With that comes the possibility that the franchise could better position itself by moving Abreu in a trade, be it this offseason or next season or the offseason after that or the season after that. Hahn pulled the trigger on deals involving Chris Sale and Jose Quintana, younger guys who could have conceivably been a part of the team’s long-term future. But by moving them, he acquired minor league talent that could keep that championship window open longer.

And so while Hahn didn’t commit to any one direction involving Abreu — and Avisail Garcia, the younger hitter who’s also having a career year and is also under team control for the next two seasons — he laid out the exact situation, a tricky one but one that gives the White Sox options moving forward.

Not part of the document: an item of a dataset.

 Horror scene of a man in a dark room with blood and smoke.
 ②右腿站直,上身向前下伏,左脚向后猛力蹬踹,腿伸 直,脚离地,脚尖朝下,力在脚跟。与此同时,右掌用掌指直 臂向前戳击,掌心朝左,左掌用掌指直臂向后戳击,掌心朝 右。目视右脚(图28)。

“Both Avi and Abreu are under control for the next two years, through 2019. I think even under the most optimistic projections of our ability to contend, certainly ’18 and ’19 don’t include the bulk of the time when we anticipate having a window open to us,” Hahn said. “So obviously with any player who isn’t controllable through the bulk of that window, we have to make an assessment.

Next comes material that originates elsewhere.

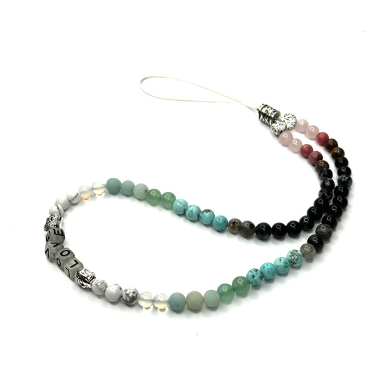 - Přívěsek na telefon disponuje korálky z přírodního kamene na šňůrce, kterou lze upevnit ke krytu telefonu

“Is it in our best interest to extend that player, so they’re controllable through that period of time, or do we need to, as we did with other similar extremely talented and very valuable players in the game, explore the trade market and see if we’re more better served moving them in exchange for players who would be under control for that extended window of time we project to have for ourselves?

“They’re both special cases, and there are very strong arguments for them playing roles in 2020 and beyond. Abreu, obviously you can’t say enough about the season he had on the field, but his importance in the role he plays in our clubhouse. Avi is still very young in this game at age 26 and has had his breakout season, and you would have reason to believe that kind of performance is going to become the norm for him going forward. And those are considerations as we make that assessment. Are we better served trying to control these players through the bulk of what we project to be our window, or are we better served as an organization doing what we had to do with Chris, Adam (Eaton), Jose and others?”

You might read it as Hahn refusing to make a public commitment. Or you could read it is a question that doesn’t have one solid answer.

“What I tried to do is lay out the question at hand and the issue at hand, and we have to as a front office make that decision,” Hahn said. “And frankly, on both players, those decisions don’t have to be made this offseason. They’re both controllable through 2019. We have the luxury if we want to play it out another year, play it out another half a year to see if the performance continues, see if the trade market changes. As was the case when we sat here with Quintana a year ago. Yes, he was potentially a trade candidate, but the market didn’t respond the way we had anticipated, so we had to wait. It’s not me just dancing around or being cute. There isn’t a firm answer right now. We don’t know what the options are. One of them conceivably is extending, and we have to wait and see what that cost entails.”

The rebuilding White Sox are blessed with time if nothing else, which means Hahn doesn’t have to make these decisions right away. But at the same time, building a contender for 2020 takes on a much different shape depending on whether Abreu and Garcia are parts of that team.

While it’s unknown how many of the organization’s highly ranked prospects will end up panning out as major league stars, one of the rebuild’s largest remaining questions is what Hahn will do with his team’s best known quantity.

There’s just no telling when an answer will come or what answer that will be.

We do know, though, what Abreu wants: For your No. 79 White Sox jersey to remain relevant forever.